SOSecure: Safer Code Generation with RAG and StackOverflow Discussions

Large Language Models (LLMs) are widely used for automated code generation. Their reliance on infrequently updated pretraining data leaves them unaware of newly discovered vulnerabilities and evolving security standards, making them prone to producing insecure code. In contrast, developer communities on Stack Overflow (SO) provide an ever-evolving repository of knowledge, where security vulnerabilities are actively discussed and addressed through collective expertise. These community-driven insights remain largely untapped by LLMs. This paper introduces SOSecure, a Retrieval-Augmented Generation (RAG) system that leverages the collective security expertise found in SO discussions to improve the security of LLM-generated code. We build a security-focused knowledge base by extracting SO answers and comments that explicitly identify vulnerabilities. Unlike common uses of RAG, SOSecure triggers after code has been generated to find discussions that identify flaws in similar code. These are used in a prompt to an LLM to consider revising the code. Evaluation across three datasets (SALLM, LLMSecEval, and LMSys) show that SOSecure achieves strong fix rates of 71.7%, 91.3%, and 96.7% respectively, compared to prompting GPT-4 without relevant discussions (49.1%, 56.5%, and 37.5%), and outperforms multiple other baselines. SOSecure operates as a language-agnostic complement to existing LLMs, without requiring retraining or fine-tuning, making it easy to deploy. Our results underscore the importance of maintaining active developer forums, which have dropped substantially in usage with LLM adoptions.

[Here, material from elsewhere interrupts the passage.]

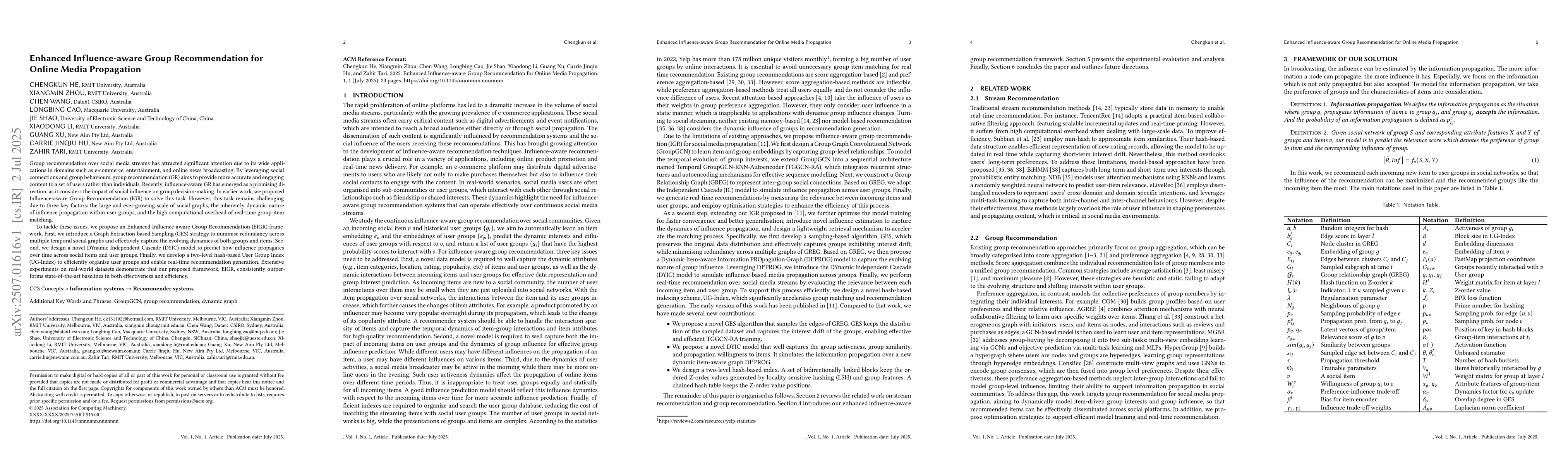 The paper introduces Enhanced Influence-aware Group Recommendation (EIGR) for online media propagation, addressing challenges in group recommendation on social media. EIGR employs Graph Extraction-based Sampling (GES) to minimize redundancy in social graphs, Dynamic Independent Cascade (DYIC) to predict influence propagation, and a two-level hash-based User Group Index (UG-Index) for efficient real-time recommendations. Experiments show EIGR outperforms existing methods in both effectiveness and efficiency.

翻译：大型语言模型（LLM）被广泛用于自动化代码生成。然而，它们依赖于更新频率较低的预训练数据，导致其无法及时了解新发现的漏洞和不断演进的安全标准，从而容易生成不安全的代码。相比之下，Stack Overflow（SO）上的开发者社区提供了一个持续演进的知识库，其中通过集体专业知识积极讨论和解决安全漏洞问题。这些社区驱动的洞见在很大程度上尚未被LLM所利用。本文介绍了SOSecure，一个检索增强生成（RAG）系统，它利用SO讨论中蕴含的集体安全专业知识来提升LLM生成代码的安全性。我们通过提取明确识别漏洞的SO答案和评论，构建了一个专注于安全的知识库。与RAG的常见用法不同，SOSecure在代码生成后触发，以查找识别类似代码缺陷的讨论。这些信息被整合到提示中，供LLM参考以考虑修订代码。在三个数据集（SALLM、LLMSecEval和LMSys）上的评估表明，SOSecure分别实现了71.7%、91.3%和96.7%的高修复率，而相比之下，在没有相关讨论的情况下直接提示GPT-4的修复率仅为49.1%、56.5%和37.5%，并且SOSecure的表现优于多个其他基线方法。SOSecure作为现有LLM的语言无关补充，无需重新训练或微调，易于部署。我们的结果强调了维护活跃开发者论坛的重要性，尽管随着LLM的采用，这些论坛的使用量已大幅下降。